Женщина улыбается и кивает обоим мужчинам: каждому улыбка и кивок, глазами дает знак следовать за собой и прямая, как палка, направляется обратно к машине, рассказывая беззаботным молодым голосом:
— Как подчеркивал наш преподаватель социологии, в каждой ситуации обычно присутствует такая личность, силу и влияние которой никогда нельзя недооценивать.
Они возвращаются к машине и уезжают, а я стою и думаю: заметили они меня или нет.
Я даже удивился, что смог вспомнить это. Впервые, как мне кажется, за несколько веков мне удалось вспомнить так много из детства. Неужели я все еще способен на такое? Я был поражен этим и, лежа с открытыми глазами, вспоминал другие события. Вдруг, находясь наполовину в мечтах, я услышал какой-то шум из-под кровати, словно мышь возится с грецким орехом. Я свесился вниз, и удивлению моему не было предела: блестящий металл скусывал шарики моей жевательной резинки. Черный по имени Дживер обнаружил, где я их прячу, и теперь они шлепались в пакет, срезанные длинными тонкими ножницами, которые очень напоминали клещи.
Я отпрянул под одеяло, чтобы черный не увидел меня. Сердце стучало у меня в ушах, я боялся, что он меня заметил. Хотелось сказать ему, чтоб он убирался, не лез не свое дело и отстал от моей жвачки, но разве я мог показать, что слышу. Я лежал, не двигаясь, проверял, заметил он меня или нет, но он никак не реагировал, лишь только было слышно шшшт-шшт его ножниц и стук падающих комочков жвачки — это напомнило мне, как град стучал по нашей крыше из толя. Черный щелкал языком и хихикал.
— Ммм, Боже мой. Хи-хи. Интересно, сколько раз он их жевал? Ну твердые!
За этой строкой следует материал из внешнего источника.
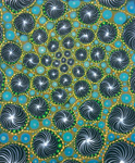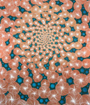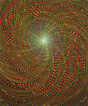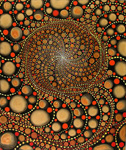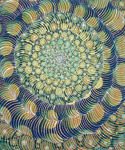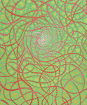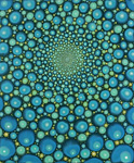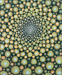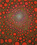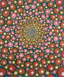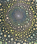 Barbara Takenaga’s expansive visual palette is full of dense abstractions. Peppered with discrete elements which radiant and spiral outward from a central vanishing point, and dots, lines, and orbs that dance across the surface of her paintings like variables in an elegant calculus, Takenaga’s pieces radiate with an aura of whimsy and the unknown. Dazzling, circus-like colors ignite, expand, and contract against muted backdrops—rendering a hallucinogenic power similar to the psychedelic optical art of the 60s. Her perfectly calculated shapes also approximate the uniformity of fractals and microscopic organisms. Takenaga’s deftly conveyed sense of cosmic grandeur is especially potent in her Night paintings, which depict the wonder and awe that result from scrutiny of the nighttime sky.

Его бормотание разбудило Макмерфи. Тот проснулся и приподнялся на локте: хотел увидеть, что можно делать ночью под кроватью. С минуту Макмерфи наблюдал за черным, затем, как ребенок, протер глаза — убедиться, что это ему не мерещится, и сел в кровати.
— Чтоб я сдох, в полдвенадцатого ночи выставил задницу вверх и шныряет в темноте с ножницами и пакетом.
Черный подпрыгнул и резко направил фонарь в глаза Макмерфи.
— Послушай, Сэм, какого черта ты там ищешь и почему это надо делать сейчас?
— Продолжай спать, Макмерфи. Это никого не касается.
Губы Макмерфи медленно разошлись в улыбке, но он не отвернулся. С полминуты черный освещал эту улыбку, лоснящийся, едва заживший шрам, зубы, вытатуированную на плече пантеру, но вот ему стало немного не по себе, он отвел фонарь. Затем снова нагнулся и принялся за работу, кряхтя и пыхтя, как будто прилагал огромные усилия, чтобы оторвать засохшую жвачку.